Gary was, and I'm sure still is, a really lovely bloke, and he was touchingly, disarmingly happy to open up and tell me stories which he didn't come out of sounding very cool at all (to say the least). I can never decide whether it's a genuine absence of self-awareness that's being shown here, or a complete couldn't-care-less-what-anyone-thinks attitude. Maybe both. In any case, I'll always love Gary Numan for giving me one of the high points of my journalistic career.

REBELLIOUS JUKEBOX

GARY NUMAN - the Aphex Twin of 1979 and the man who invented techno pop (allegedly) - talks about the records he plays here, in his car

1. THE MONKEES: 'I'm A Believer'

"We had a group, me and my friends, The Monkee Juniors.
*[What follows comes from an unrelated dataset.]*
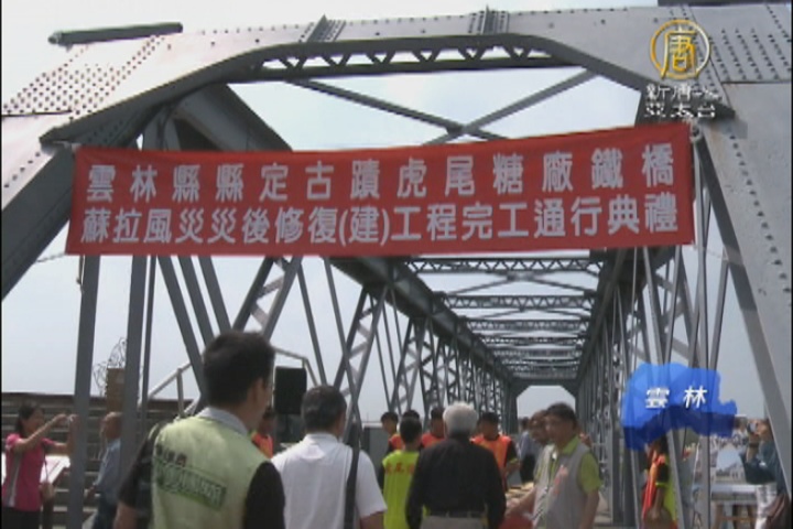 【新唐人亞太台 2015 年 09 月 10 日訊】雲林縣的縣定古蹟虎尾糖廠鐵橋,三年前蘇拉颱風來襲,約有五十公尺橋面遭到大水沖毀。為了修復鐵橋,文化部文資局、雲林縣政府以及民間業者合作,受損三年的鐵橋修復完成,重新開放民眾遊客遊憩使用。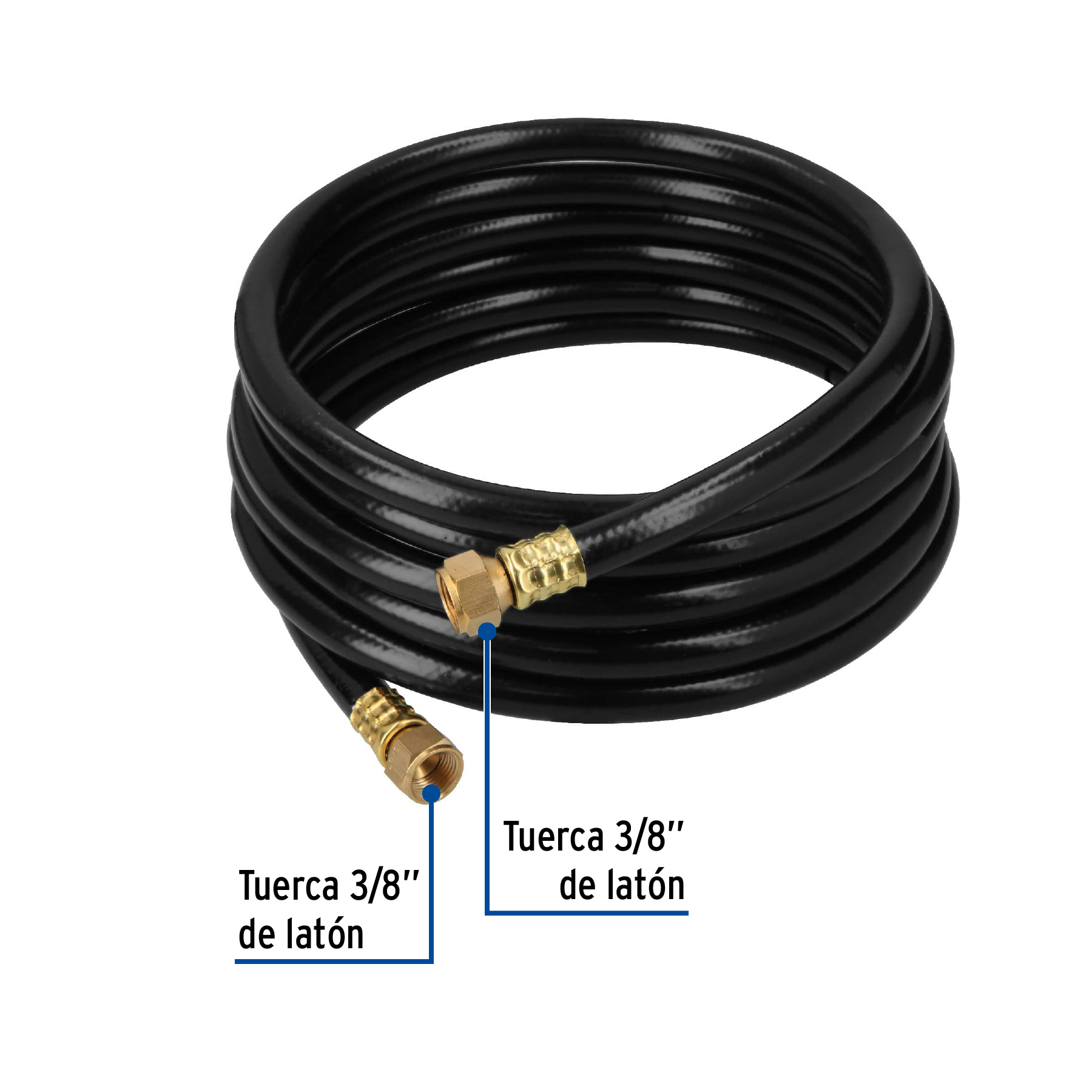 Conectores de latón de 3/8″ x 3/8″, prensados de alta resistencia, Manguera con 3 Capas fabricadas en PVC de alta resistencia con refuerzo de tramado radial, Material autoextinguible, Para manejo de gas LP o gas natural

We used to go round people's houses for money. Two and six a time. We used a chair leg as a microphone. I had the bobble hat, and I had the same birthday as Mickey Dolenz. That made me a bit of a hero in my street. That's how I got started."

2. T. REX: 'Telegram Sam'

"The first pop star I saw where I understood the lifestyle, the money, the excitement, what it meant. From then on, I spent my whole life wanting to be a rock star. I went to see Born To Boogie a dozen times. There's a bit where Bolan's playing this outrageous guitar, and then this dwarf comes along and eats an amp which is made out of chocolate. Brilliant!"

3. DAVID BOWIE: 'Jean Genie'

"The thing I admired about Bowie, like a lot of stars from that period, was that he was larger than life. I'd have been scared shitless to meet him. What do you say? The man's from outer space! Later, I actually met him, but we didn't get on. Which is a great disappointment. I did a show for Kenny Everett years ago, and Bowie was on the same show. I was there, Geldof was there, it was a bit of a fan club convention, all watching. And Bowie spotted me, stopped everything, and made the guards come and throw me out. I was gutted. I mean, what was I to him? Just some little upstart who'd popped up with a quirky record. Fucking wanker."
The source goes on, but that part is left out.